Sami Atiya, President of ABB’s Robotics and Discrete Automation business said, “The next-generation laboratory processes developed in Houston will speed manual medical laboratory processes, reducing and eliminating bottlenecks in laboratory work and enhancing safety and consistency. This is especially applicable for new high-tech treatments, such as the cancer therapies pioneered at the Texas Medical Center, which today require manual and time-consuming test processes.”

a limiting factor to the number of patients who can be treated is the need for highly skilled medical experts who spend a large part of their day doing repetitive and low value tasks, such as preparing slides and loading centrifuges.

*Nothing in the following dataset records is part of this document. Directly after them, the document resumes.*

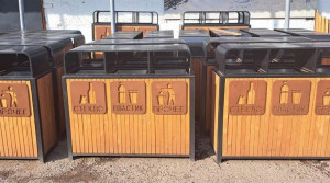 Изготовлены они в управлении зелёного строительства. Каркас выполнен из металла, щиты из сосны обработаны на станках, отшлифованы и покрыты маслом. Каждая урна имеет три отсека: для стекла, пластика и прочих отходов.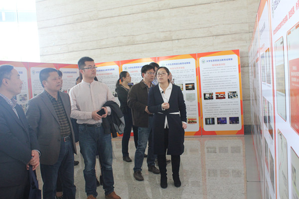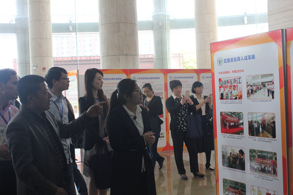 4月5日下午,教育部思政司举办的“学习贯彻全国高校宣传思想工作会议精神”专题培训班学员四十多人,主要是各省区市教育工委领导、委属重点高校和部分地方高校学工部长等,前来我校参观大学生思想政治教育成果展,我院以“红色文化研究与实践育人成果”为主题参展。展览活动在我校大剧院举行。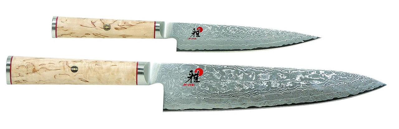 Top-of-the-line MIYABI Birchwood is a work of culinary art. Both blade and handle are crafted from the most precious materials, which shape their striking appearance. More than meets the eye, the potent core of SG2 micro-carbide powder steel is protected by 100 layers of steel. MIYABI’s innovative, ice-hardening process locks in the long-lasting sharpness of the CRYODUR blades. Beneath its beautiful exterior, the flower Damascus pattern provides added durability. The scalpel-like blade is complemented by an equally striking Karelian (Masur) Birch handle. A prized material for knife handles, Karelian Birch is also the only wood ever used in a Faberge egg. Exquisite and ergonomic, MIYABI Birchwood knives feel as good as they look. Handcrafted in Seki, Japan.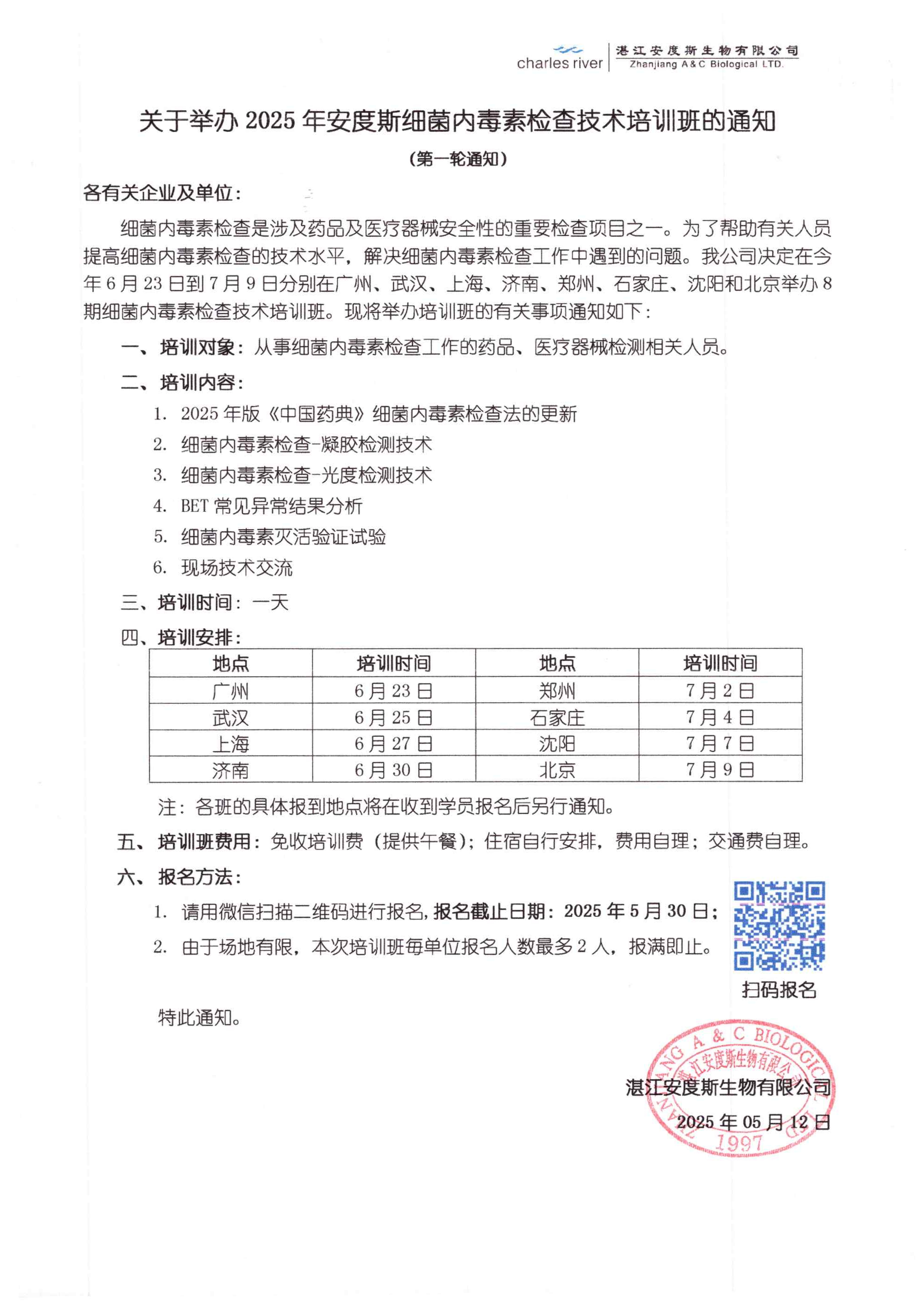 为帮助大家提高细菌内毒素检查技术水平,解决工作中遇到的问题,我公司决定在今年6月23日到7月9日分别在广州、武汉、上海、济南、郑州、石家庄、沈阳和北京举办8期细菌内毒素检查培训班

Using robots to automate these tasks will enable medical professionals to focus on more highly skilled and productive work, while ultimately helping more people to receive treatment through dramatically speeding the testing process.

ABB has analyzed a wide range of current manual medical laboratory processes and estimates that 50% more tests could be carried out every year using automation, while training robots to undertake repetitive processes will reduce the need for people to do tasks which cause repetitive strain injury (RSI).

As the world population ages, countries are spending an increasingly larger proportion of their GDP on healthcare. In addition to improving the quality of patient care, increasing healthcare efficiency through automation can ease some of the societal, political and financial challenges that this will cause. The market for non-surgical medical robots is estimated to reach nearly 60,000 by 2025 with the market almost quadrupling vs. 2018, according to an internal ABB research.

ABB’s collaborative robots, which already operate in food and beverage laboratories worldwide, are well suited to medical facilities as they don’t require safety fences to operate safely and efficiently alongside people. The robots will undertake a range of repetitive, delicate and time-consuming activities including dosing, mixing and pipetting tasks as well as sterile instrument kitting and centrifuge loading and unloading.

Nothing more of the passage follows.